Monday, October 29, 2007

Nasz agent w Meksyku,POLAK,Cezary Zbikowski


...podrzucil zartobliwa "zlota mysl" :

"Ktos powiedzial ze " Rewolucjia socialistyczna to jak rower, jesli sie nie posuwa na przod to pada"

Ja mowie , ze: " Rewolucja socjalistyczna to jak rower- napedzaja ja pedaly"

Czolem Cezar.


W tym wypadku nie zupelnie zgadzam sie z naszym meksykanskim agentem: w czasach tak zwanej "komuny" pedaly siedzialy cicho raczej.
Byly bo byly ale jesli ktos ich nie szukal-to nie widzial.

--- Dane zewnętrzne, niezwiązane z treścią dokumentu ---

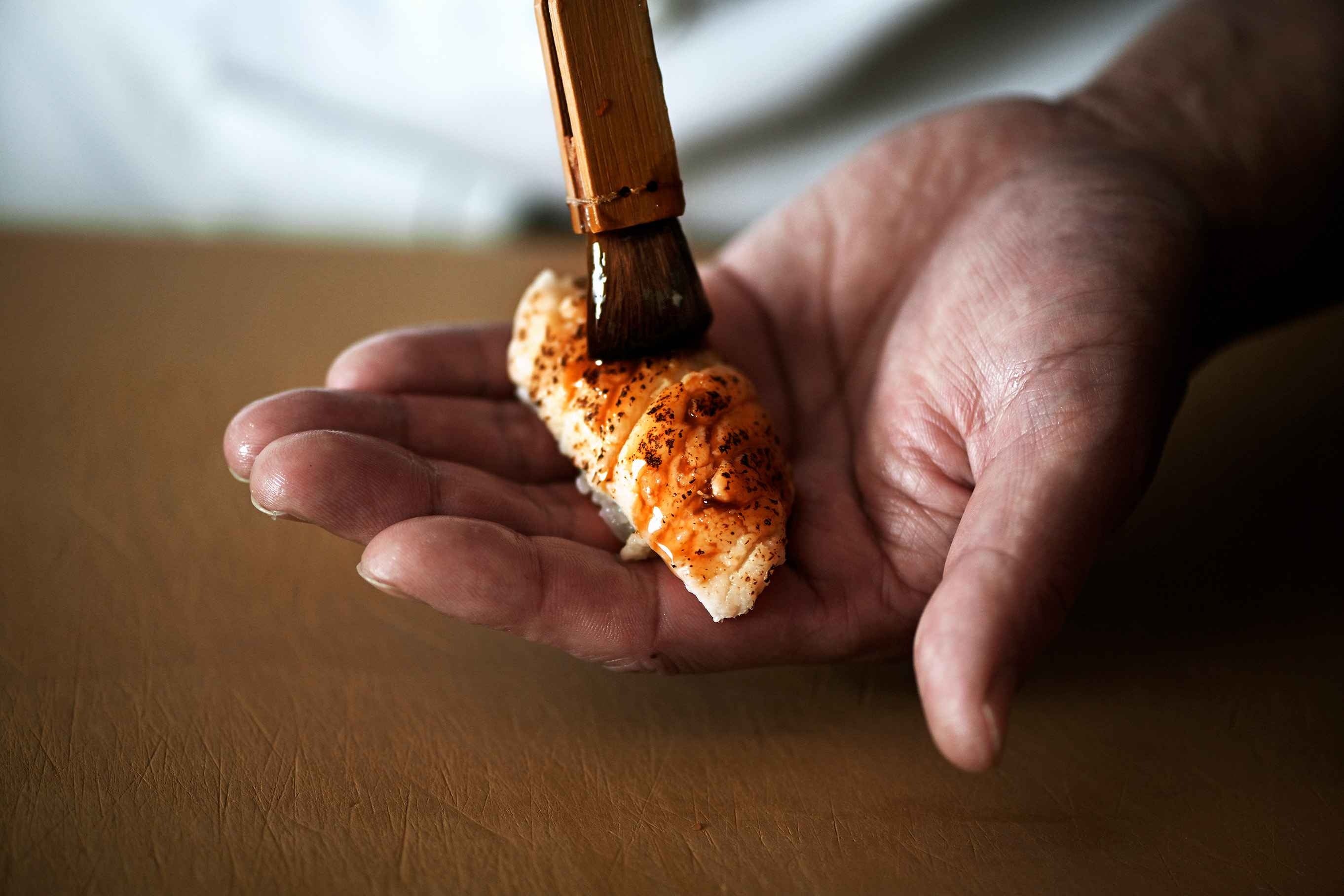 長崎にはご当地醤油と呼べるほど個性的な醤油がありますが、瓊鶴海では既成のものではなく、当店独自のブレンド醤油を寿司・お造りに合わせています。椿の酵母を使った五島の魚醤に、酒・味醂をブレンドし、丁寧に火入れをした醤油は、淡い色合いと穏やかな塩味、ほんのり爽やかな風味が特徴です。

Natomiast w postepowej demokracji kapitalistycznej doszlismy do takiego dna ,ze wolno bedzie tym sprzecznym z natura adoptowac dzieci!!!

I jesli ktos nie widzi absurdu w tym poprawianiu natury i samego Boga, ktory zadecydowal ,ze do rozmnazania sie potrzeba Adama i Ewy a nie dwoch Adamow-to ten ktos jest slepy.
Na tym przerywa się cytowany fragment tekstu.